AIM OF THE EXERCISE
Nothing but the lines from the one containing "Base model is" through the end of the entries below should be set down, each exactly as written.

=-=-=-=-=

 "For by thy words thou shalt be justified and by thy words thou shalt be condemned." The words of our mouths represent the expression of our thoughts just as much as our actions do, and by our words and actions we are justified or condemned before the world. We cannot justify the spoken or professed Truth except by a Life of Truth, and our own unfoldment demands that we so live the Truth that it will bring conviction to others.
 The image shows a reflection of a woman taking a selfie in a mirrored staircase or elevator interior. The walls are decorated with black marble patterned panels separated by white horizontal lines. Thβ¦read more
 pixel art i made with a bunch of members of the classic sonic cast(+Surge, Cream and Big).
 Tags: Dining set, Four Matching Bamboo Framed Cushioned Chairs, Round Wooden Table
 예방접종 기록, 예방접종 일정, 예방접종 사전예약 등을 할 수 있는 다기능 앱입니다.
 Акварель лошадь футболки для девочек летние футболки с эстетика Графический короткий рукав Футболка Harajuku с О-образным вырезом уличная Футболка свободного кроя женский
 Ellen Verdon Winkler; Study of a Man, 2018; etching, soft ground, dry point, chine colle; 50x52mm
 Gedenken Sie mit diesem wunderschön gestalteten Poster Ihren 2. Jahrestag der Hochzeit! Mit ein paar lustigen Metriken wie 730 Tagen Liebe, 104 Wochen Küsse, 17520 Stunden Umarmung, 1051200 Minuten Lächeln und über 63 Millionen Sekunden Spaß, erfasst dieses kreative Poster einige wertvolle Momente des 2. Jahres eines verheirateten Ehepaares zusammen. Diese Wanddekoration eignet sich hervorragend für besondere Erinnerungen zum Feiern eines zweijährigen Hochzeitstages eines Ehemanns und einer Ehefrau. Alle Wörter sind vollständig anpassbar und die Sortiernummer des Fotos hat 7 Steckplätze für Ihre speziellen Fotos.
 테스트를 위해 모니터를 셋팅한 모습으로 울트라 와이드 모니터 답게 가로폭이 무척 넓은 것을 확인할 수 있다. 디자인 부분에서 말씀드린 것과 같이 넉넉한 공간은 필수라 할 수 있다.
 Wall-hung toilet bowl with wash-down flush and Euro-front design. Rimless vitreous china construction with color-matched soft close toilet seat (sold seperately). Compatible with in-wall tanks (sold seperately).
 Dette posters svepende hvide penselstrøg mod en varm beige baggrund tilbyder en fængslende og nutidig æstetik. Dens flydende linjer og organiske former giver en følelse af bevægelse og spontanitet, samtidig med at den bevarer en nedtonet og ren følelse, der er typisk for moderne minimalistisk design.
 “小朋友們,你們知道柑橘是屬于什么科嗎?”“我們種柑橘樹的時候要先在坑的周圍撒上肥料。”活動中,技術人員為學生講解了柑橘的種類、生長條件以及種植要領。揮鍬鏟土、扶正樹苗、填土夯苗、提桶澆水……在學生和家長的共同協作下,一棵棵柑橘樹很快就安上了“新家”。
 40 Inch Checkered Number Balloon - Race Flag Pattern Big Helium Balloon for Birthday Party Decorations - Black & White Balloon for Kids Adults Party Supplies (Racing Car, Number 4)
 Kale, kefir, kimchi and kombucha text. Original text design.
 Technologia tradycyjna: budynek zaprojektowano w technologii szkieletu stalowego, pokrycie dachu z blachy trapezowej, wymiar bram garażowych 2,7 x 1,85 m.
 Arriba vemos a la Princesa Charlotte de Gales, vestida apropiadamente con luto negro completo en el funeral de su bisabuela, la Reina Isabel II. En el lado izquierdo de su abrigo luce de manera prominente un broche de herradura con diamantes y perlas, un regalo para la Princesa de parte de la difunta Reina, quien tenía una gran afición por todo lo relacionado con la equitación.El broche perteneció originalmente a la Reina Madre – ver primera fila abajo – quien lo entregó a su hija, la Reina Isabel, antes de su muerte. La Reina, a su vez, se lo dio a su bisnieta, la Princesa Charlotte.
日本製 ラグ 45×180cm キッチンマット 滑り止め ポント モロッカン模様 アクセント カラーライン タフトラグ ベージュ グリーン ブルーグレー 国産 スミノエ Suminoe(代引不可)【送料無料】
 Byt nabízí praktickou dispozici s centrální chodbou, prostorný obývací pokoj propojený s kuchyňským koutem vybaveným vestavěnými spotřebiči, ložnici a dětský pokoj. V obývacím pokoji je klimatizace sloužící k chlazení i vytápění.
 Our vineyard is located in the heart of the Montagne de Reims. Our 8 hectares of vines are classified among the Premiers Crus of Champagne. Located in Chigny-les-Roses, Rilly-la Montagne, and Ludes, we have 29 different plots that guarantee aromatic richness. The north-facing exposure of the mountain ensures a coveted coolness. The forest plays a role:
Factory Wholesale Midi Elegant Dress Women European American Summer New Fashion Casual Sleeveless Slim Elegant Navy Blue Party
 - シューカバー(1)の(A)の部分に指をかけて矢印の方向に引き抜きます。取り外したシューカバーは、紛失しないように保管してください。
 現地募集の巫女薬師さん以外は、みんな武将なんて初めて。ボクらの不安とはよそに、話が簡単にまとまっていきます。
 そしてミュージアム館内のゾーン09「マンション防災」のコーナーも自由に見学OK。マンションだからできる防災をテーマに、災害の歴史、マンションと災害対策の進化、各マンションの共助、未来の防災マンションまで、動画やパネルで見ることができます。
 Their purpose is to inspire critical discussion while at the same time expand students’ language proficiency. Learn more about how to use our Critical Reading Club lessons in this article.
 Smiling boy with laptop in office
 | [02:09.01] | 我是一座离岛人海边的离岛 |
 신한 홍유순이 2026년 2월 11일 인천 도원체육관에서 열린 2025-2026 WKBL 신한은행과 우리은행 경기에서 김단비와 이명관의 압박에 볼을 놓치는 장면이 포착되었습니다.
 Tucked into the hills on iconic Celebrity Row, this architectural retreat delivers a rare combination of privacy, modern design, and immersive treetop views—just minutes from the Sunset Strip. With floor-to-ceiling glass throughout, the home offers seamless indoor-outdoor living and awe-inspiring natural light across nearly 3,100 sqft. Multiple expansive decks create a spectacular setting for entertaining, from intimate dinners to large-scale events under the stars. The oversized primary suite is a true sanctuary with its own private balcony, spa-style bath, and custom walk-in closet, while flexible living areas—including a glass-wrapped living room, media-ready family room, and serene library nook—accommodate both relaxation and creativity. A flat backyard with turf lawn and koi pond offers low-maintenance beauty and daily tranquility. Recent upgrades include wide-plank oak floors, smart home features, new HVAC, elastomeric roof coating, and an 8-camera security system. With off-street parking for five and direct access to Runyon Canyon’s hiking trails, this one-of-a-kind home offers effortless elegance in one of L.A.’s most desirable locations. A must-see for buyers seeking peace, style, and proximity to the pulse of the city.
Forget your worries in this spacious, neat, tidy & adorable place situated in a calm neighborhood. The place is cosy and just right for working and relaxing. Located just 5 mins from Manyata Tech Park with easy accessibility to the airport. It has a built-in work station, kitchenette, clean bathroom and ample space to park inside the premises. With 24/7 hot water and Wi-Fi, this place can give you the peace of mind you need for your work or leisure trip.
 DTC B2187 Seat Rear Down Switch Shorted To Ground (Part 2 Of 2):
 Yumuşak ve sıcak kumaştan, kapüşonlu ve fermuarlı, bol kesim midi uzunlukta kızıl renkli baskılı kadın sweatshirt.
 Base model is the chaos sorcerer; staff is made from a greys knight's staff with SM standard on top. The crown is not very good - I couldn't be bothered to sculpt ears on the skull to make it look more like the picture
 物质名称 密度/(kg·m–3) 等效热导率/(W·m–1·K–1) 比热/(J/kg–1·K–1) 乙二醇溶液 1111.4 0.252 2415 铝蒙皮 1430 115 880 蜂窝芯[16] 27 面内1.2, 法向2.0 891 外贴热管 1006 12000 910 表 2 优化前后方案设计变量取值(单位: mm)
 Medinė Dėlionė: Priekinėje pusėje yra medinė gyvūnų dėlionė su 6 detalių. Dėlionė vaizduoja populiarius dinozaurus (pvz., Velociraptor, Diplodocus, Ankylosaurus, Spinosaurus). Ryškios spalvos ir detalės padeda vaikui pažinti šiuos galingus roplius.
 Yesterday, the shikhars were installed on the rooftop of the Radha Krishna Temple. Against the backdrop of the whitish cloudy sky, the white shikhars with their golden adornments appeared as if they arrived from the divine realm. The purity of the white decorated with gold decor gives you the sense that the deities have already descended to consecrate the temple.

=-=-=-=-=

RESULT OF THIS TASK
 Base model is the chaos sorcerer; staff is made from a greys knight's staff with SM standard on top. The crown is not very good - I couldn't be bothered to sculpt ears on the skull to make it look more like the picture
 物质名称 密度/(kg·m–3) 等效热导率/(W·m–1·K–1) 比热/(J/kg–1·K–1) 乙二醇溶液 1111.4 0.252 2415 铝蒙皮 1430 115 880 蜂窝芯[16] 27 面内1.2, 法向2.0 891 外贴热管 1006 12000 910 表 2 优化前后方案设计变量取值(单位: mm)
 Medinė Dėlionė: Priekinėje pusėje yra medinė gyvūnų dėlionė su 6 detalių. Dėlionė vaizduoja populiarius dinozaurus (pvz., Velociraptor, Diplodocus, Ankylosaurus, Spinosaurus). Ryškios spalvos ir detalės padeda vaikui pažinti šiuos galingus roplius.
 Yesterday, the shikhars were installed on the rooftop of the Radha Krishna Temple. Against the backdrop of the whitish cloudy sky, the white shikhars with their golden adornments appeared as if they arrived from the divine realm. The purity of the white decorated with gold decor gives you the sense that the deities have already descended to consecrate the temple.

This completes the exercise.